Tensorflow multi-threading can be set before batchglm (and therefore diffxpy) are imported into a python session. Accordingly, you have to restart your python session if you want to change the current parallelization settings. Parallelization of tensorflow can be controlled via the following two environmental variables: call:

# Before importing diffxpy.api or batchglm.api in your python session, execute:
import os
os.environ.setdefault("TF_NUM_THREADS", "1")
os.environ.setdefault("TF_LOOP_PARALLEL_ITERATIONS", "1")
import diffxpy.api as de

TF_NUM_THREADS controls the number of threads that are used for linear algebra operations in tensorflow, which controls parallelization during training. TF_LOOP_PARALLEL_ITERATIONS controls the number of threads which are used during tensorflow while_loops, which are used during hessian computation. Here, we set both to one so that only one thread is used by tensorflow within diffxpy.

The environmental variables are checked upon loading of batchglm and are converted into package constants which control the parallelization behaviour of tensorflow. These package constants can also be set after package loading, but they do not affect the behaviour anymore once a tensorflow session was started once.
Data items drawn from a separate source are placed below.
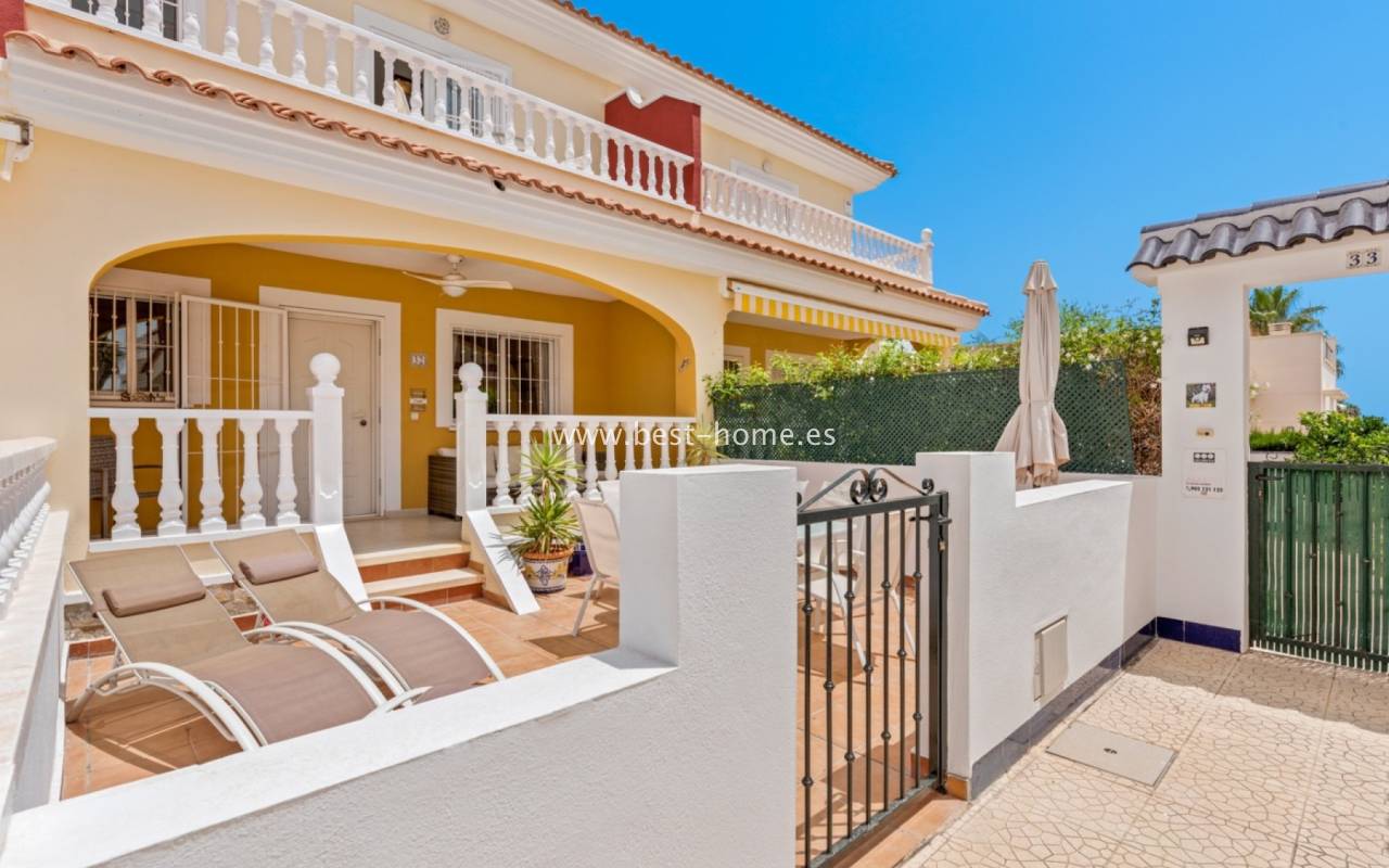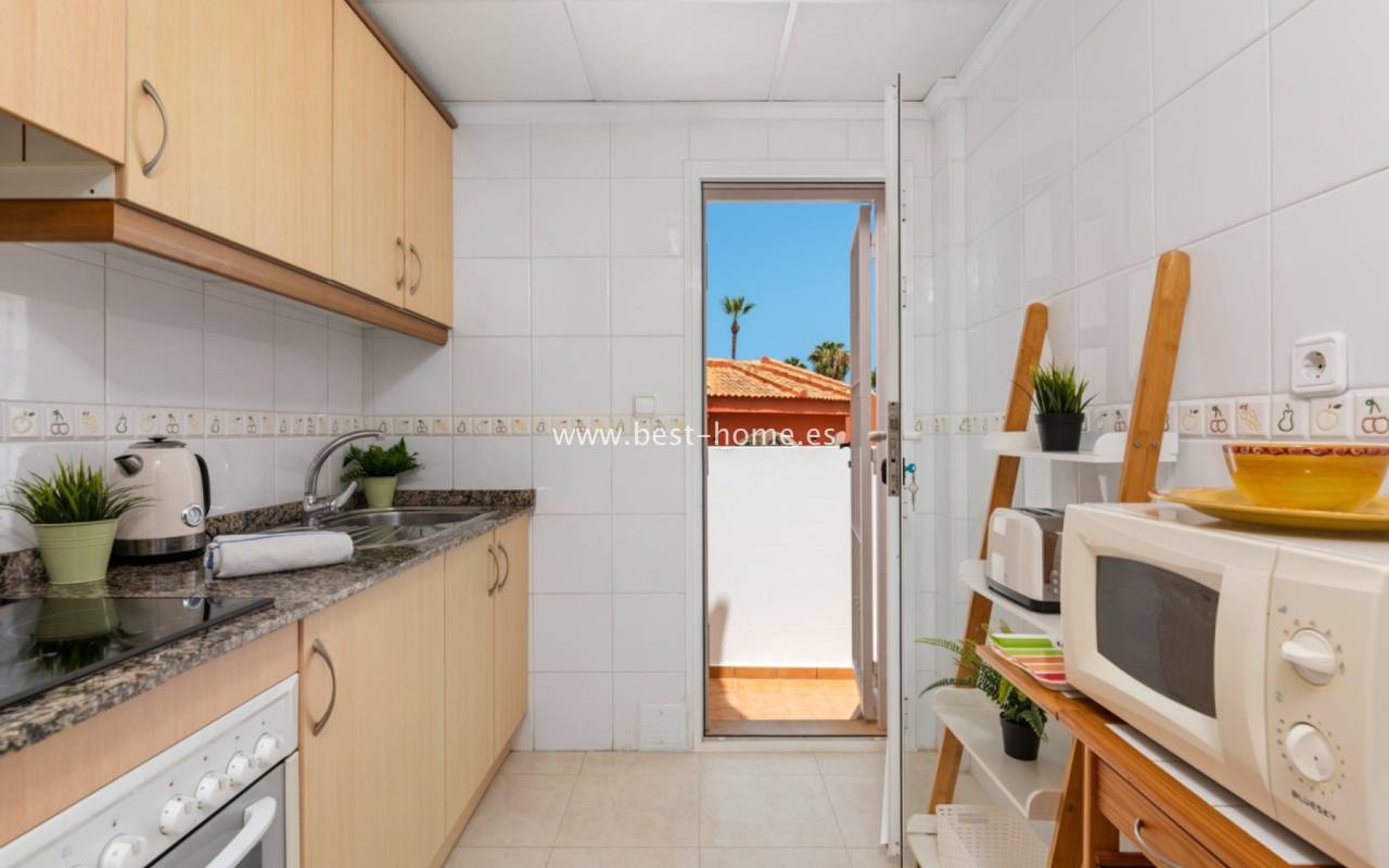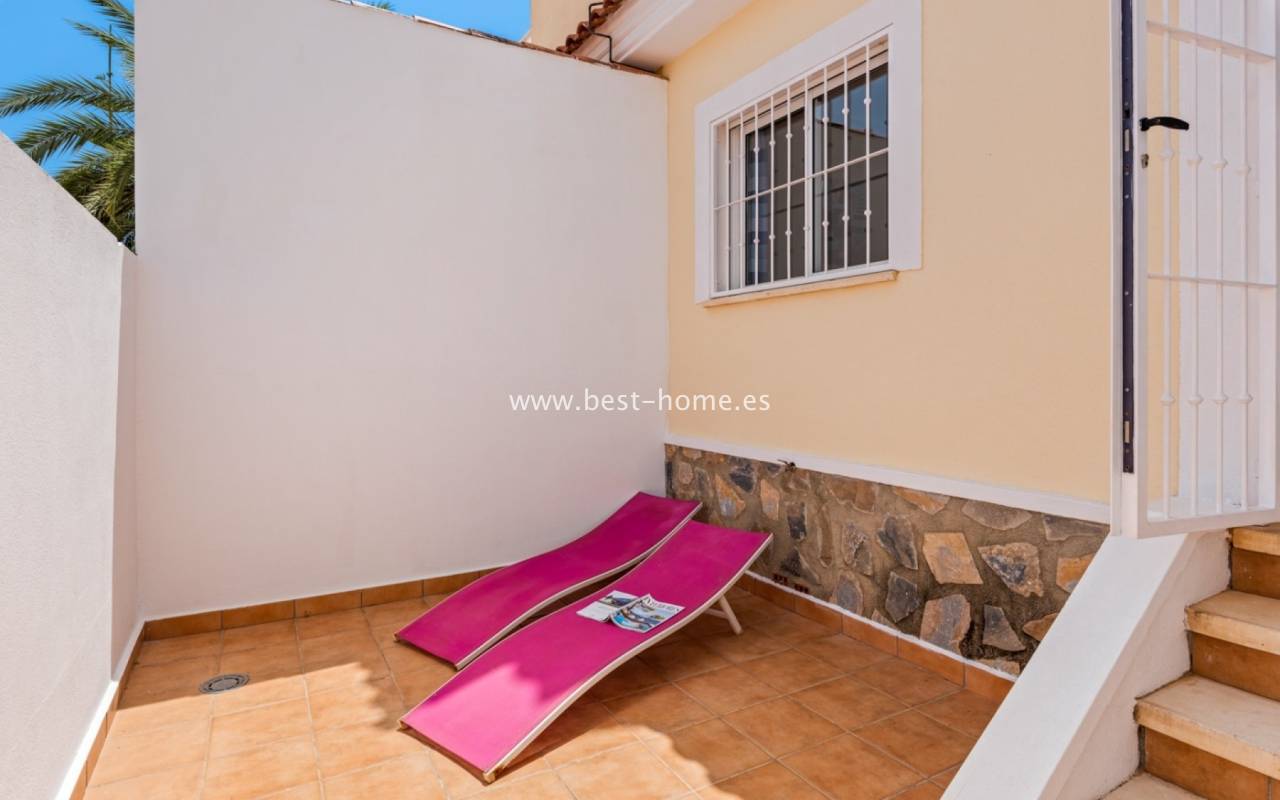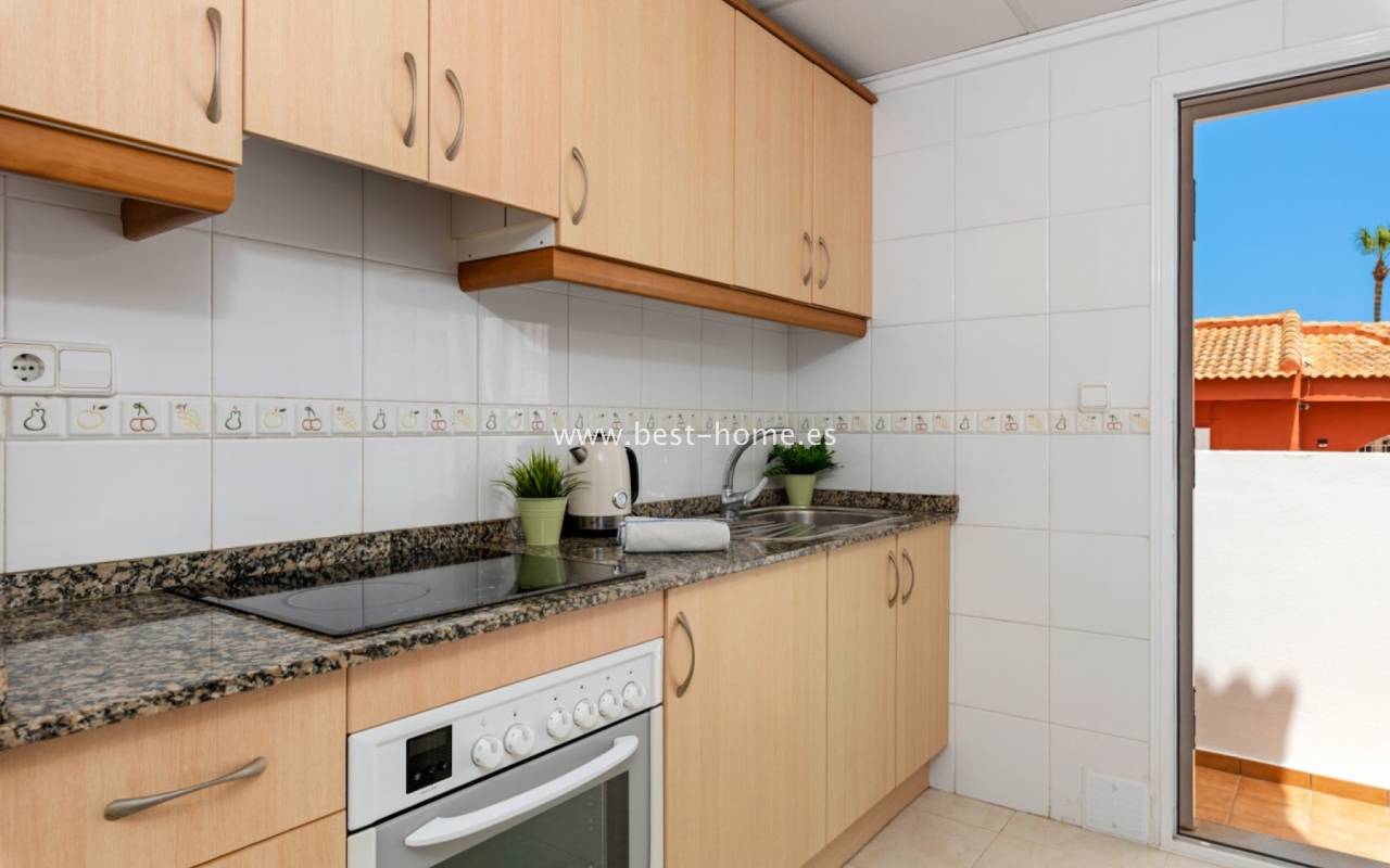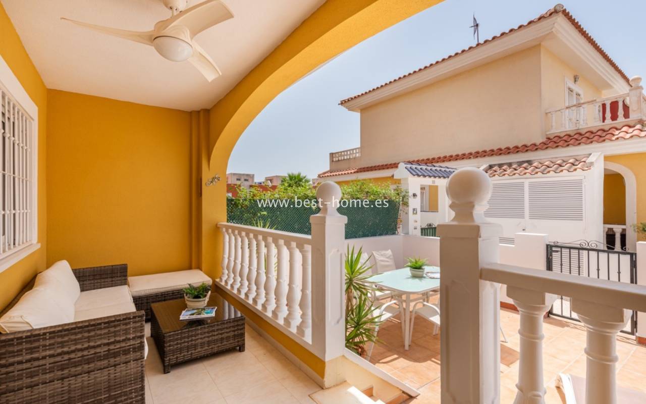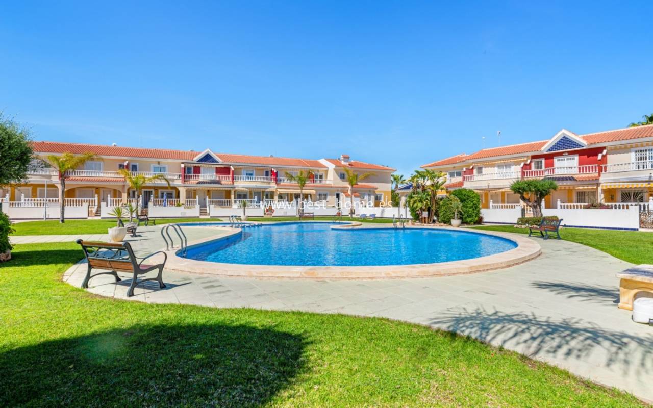 Well-kept terrace is located in a gated, beautiful, estate in a quiet area near the town of Ciudad Quesada. The property on the ground floor has a front, sunny garden, entrance terrace, then we find a spacious living room with dining room, one bedroom, bathroom and kitchen with access to the rear terrace. On the first floor there are two bedrooms with terraces and a bathroom. The price includes furniture, household appliances and new air conditioning. On the estate there is a nice, communal swimming pool. The property has a tourist license. It is only 650 m to supermarkets, bars and restaurants.
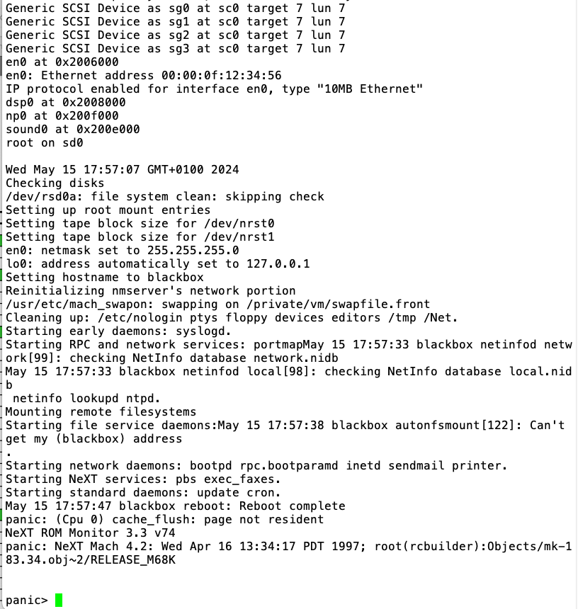...at least OpenSTEP 4.2 is not too happy with a serial console, though, and crashes with a panic. This does not happen when using the ADB peripherals and monitor...
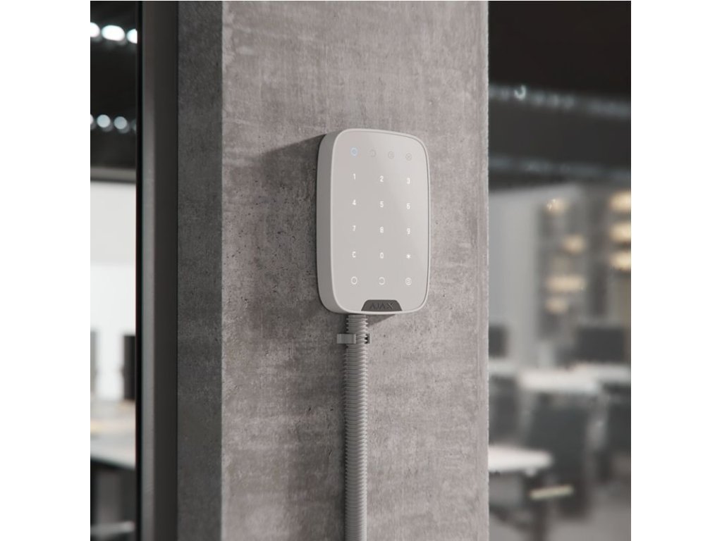 Ajax KeyPad Fibra je drátová dotyková klávesnice umožňující jednoduché ovládání zabezpečovacího systému zadáním číselného hesla či stisknutím tlačítka. V krizové situaci lze rovněž spustit tísňový poplach. Klávesnice je vybavena ochranou proti hádání hesla, která klávesnici po několika neúspěšných pokusech o zadání kódu automaticky uzamkne.

If you want to set parallilzation behaviour after loading the package but before fist using it, you can therefore run: call:

import diffxpy.api as de
from batchglm.pkg_constants import TF_CONFIG_PROTO
TF_CONFIG_PROTO.inter_op_parallelism_threads = 1
TF_CONFIG_PROTO.intra_op_parallelism_threads = x
from batchglm.pkg_constants import TF_LOOP_PARALLEL_ITERATIONS
TF_LOOP_PARALLEL_ITERATIONS = x

where x is the number of threads (integer) to be used within diffxpy.

numpy/scipy

Numpy/scipy multi-threading in the linalg sub-modules can be controlled as follows in the shell in which the python session is started in which diffxpy is used (e.g. the shell from which jupyter notebook is called): call:

export MKL_NUM_THREADS=1
export NUMEXPR_NUM_THREADS=1
export OMP_NUM_THREADS=1

Here, we restricted the number of threads to be used by numpy to 1. Numpy is not used for the run-time determining parameter estimation steps so that a larger number of threads has little effect on the overall run time. So far, we have only observed this to be necessary on some linux operating systems.